Sejak menikah
banyak pengalaman #kalipertama yang saya alami. Melakukan hal baru, menurut
berbagai sumber mendatangkan beberapa
manfaat, antara lain: menambah database pikiran bawah sadar, eksplorasi
diri, dan meningkatkan kepuasan diri. Kali ini saya akan bercerita tentang
pengalaman membayar pajak bumi dan bangunan (PBB) pada 24 Agustus 2016 lalu.
PBB sederhananya adalah pajak yang dipungut atas tanah atau bangunan yang kita
miliki. PBB dibayarkan setiap tahun dengan tenggat waktu 31 Agustus.
Sebagai generasi
millennial hal pertama yang saya
lakukan tentu saja googling. Mencari
informasi tentang tata cara pembayaran PBB. Bagi kita yang sejatinya ingin
serba praktis, saya mencari tahu apakah bisa bayar PBB online.

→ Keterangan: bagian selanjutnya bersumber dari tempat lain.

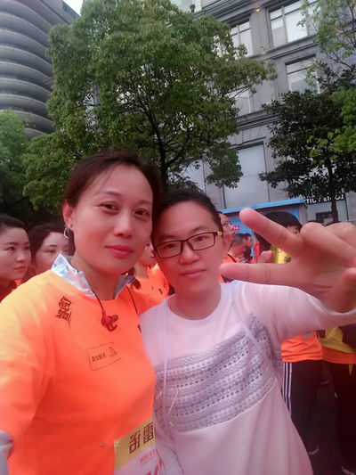 王翃老师在比赛前与朋友合影 王翃老师赛后留念
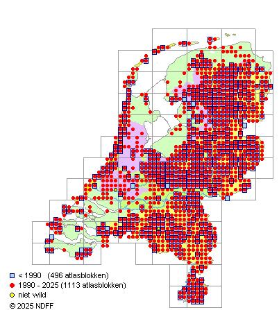 Bron: FLORON - Gemodelleerd op basis van waarnemingen uit de NDFF voor de periode 2000-2021.

Ternyata bisa, yaitu dengan menggunakan ATM dan memasukkan nomor
objek pajak (NOP) yang tertera pada surat pemberitahuan pajak terhutang (SPPT).
Berbekal
informasi tersebut berangkalah saya ke ATM terdekat. Coba masukkan NOP. Gagal. Coba lagi. Gagal.
Percobaa terakhir. Tetap gagal. Dengan kecewa sayapun pulang. Tak menyerah googling
lagi. Akhirnya esok harinya saya putuskan untuk mencoba bayar PBB langsung ke kantor
kecamatan yang ternyata lokasinya lumayan jauh dari rumah. Setelah cek gmaps
dan tanya sana sini sampailah saya di kantor kecamatan. Waktu menunjukkan pukul
8 lewat ketika saya sampai. Sudah ada beberapa orang yang menunggu untuk
membayar PBB. Tapi tak dinyana sistem Bank BJB di kantor kecamatan sedang offline.
Petualangan
berlanjut. Alternatif pembayaran langsung lainnya adalah melalui kantor
Pos. Saya segera bergerak menuju kantor
pos yang searah dengan kantor. Saya pilih di kantor pos di gas alam.
Sampai di
kantor pos, dalam 5 menit proses pembayaran selesai. Sungguh sangat
cepat. Tak ada antrean panjang. Ok tahun depan bayar di kantor pos.